By Jeremy Walsh
Almost as quickly as state Assemblyman Ivan Lafayette's (D-Jackson Heights) departure triggered a primary contest for his seat, one of the two challengers has been barred from the ballot for falsifying petitions after admitting to the impropriety during court testimony, court papers show.
Marlene Tapper, an East Elmhurst-based paralegal, lost her final appeal in Albany Tuesday after a Brooklyn appellate court upheld an Aug. 14 decision by a Queens Supreme Court judge declaring signatures on her petition were invalid.
“I can't talk right now. I'm in the fight of my life,” an emotional Tapper said Monday.
The initial suit was filed by Michael Den Dekker, a Democratic district leader and the Queens County Democratic Party's official nominee to succeed Lafayette.
“A witness at the hearing testified that she was directed by the appellant to fill in the number of signatures on a petition sheet that she did not witness,” the court decision read.
Tapper conceded at the hearing that she intentionally submitted the falsified petitions, the court documents show.
“The appellant testified that 'some [of the petition sheets] might have slipped through' and 'I might have gotten lucky' because the Board of Elections might not have detected the impropriety,” court papers said.
Tapper could face charges in the case, according to one election law expert.
“A petition for candidacy is a government document like any other,” said Nathaniel Persily, a professor at Columbia University. “If you forge it or lie on it, you are subject to criminal prosecution.”
But Persily also said illegitimate petition signatures are commonplace.
“It is always the case that there are some illegitimate signatures on almost any candidate's petition,” he said. “That's because some people don't know what they're doing.

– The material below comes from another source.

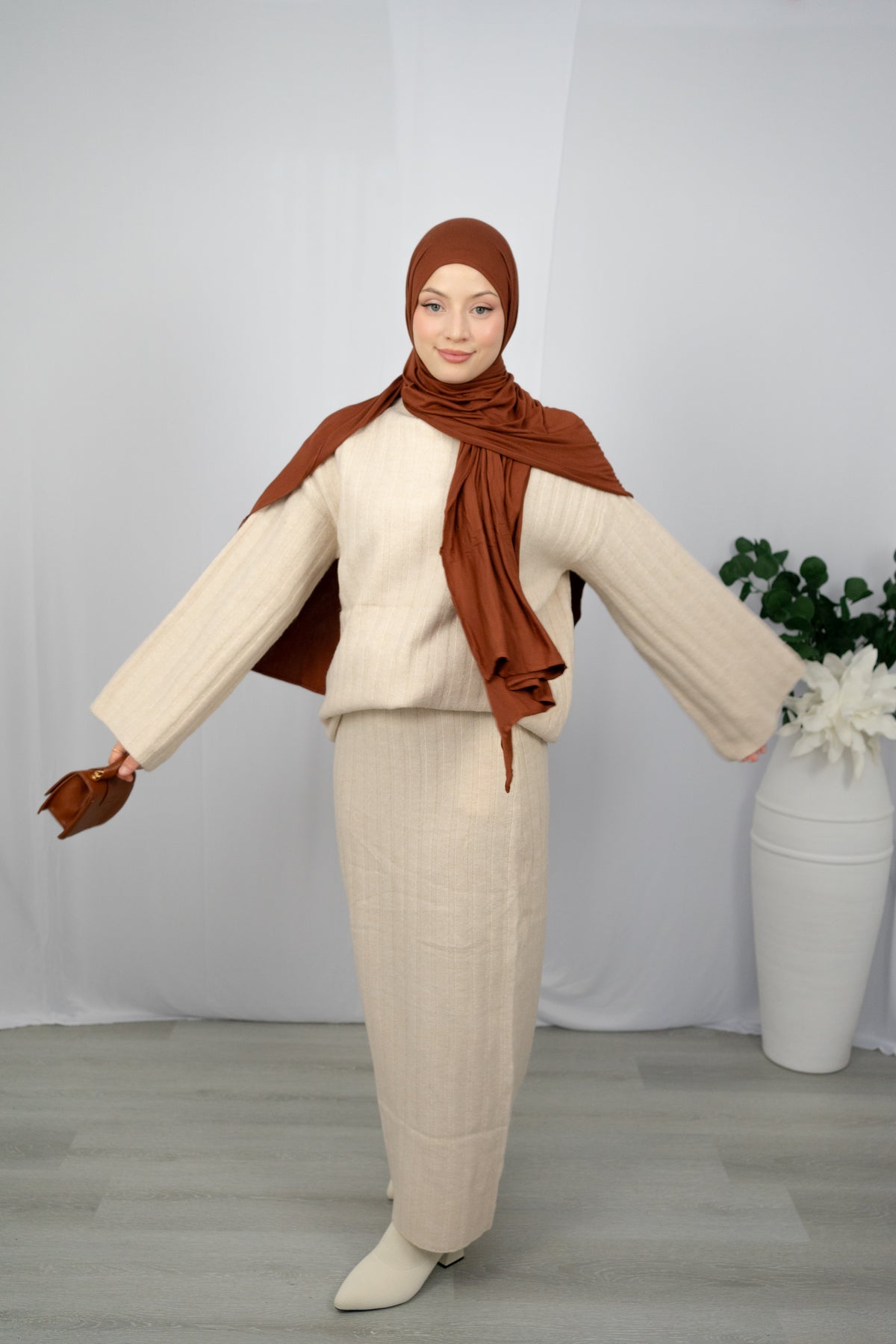 • Unser stylisches Rockset ist die Perfekte Kombination aus Komfort und Eleganz.Es besteht aus einem Oberteil mit praktischem Vollkragen und einem Rock mit elastischem Bund, der für eine bequeme Passform sorgt.

You have petition circulators who are doing it for the first time or people who don't list their actual home address.”
Tapper had previously criticized the departing Lafayette for gathering petition signatures after he knew he was going to resign. She got her name on the ballot just under the July 15 deadline after learning Lafayette, a 32-year veteran legislator, would not seek re-election.
“He submitted petitions on the 7th [of July], and on the 9th [of July] he signed affidavits that he was no longer a candidate,” she said in July. “And he still sent people out for a few days on his behalf. … To me, that's ethically horrible.”
In terms of fund-raising, the race did not appear to be close. Den Dekker had brought in $44,421 by the beginning of August, according to the state Board of Elections, while Tapper's ledger showed a single $25 contribution from herself.
Tapper portrayed herself as an outsider hungry for change.
“The rest of these people [in the state Legislature] are part of a clique, so eager to please the clique that they disenfranchise the masses,” she said last month. “I think people need to work together. There's people that are just too old there.”
Tapper ran unsuccessfully against City Councilman Hiram Monserrate (D-East Elmhurst) for City Council in 2005.
Afterward, she was a staffer for state Sen. John Sabini (D-Jackson Heights) until comments she allegedly made at a community meeting led Monserrate, Sabini's political foe, to suggest the senator was employing people with anti-immigrant sentiments. Sabini dismissed her.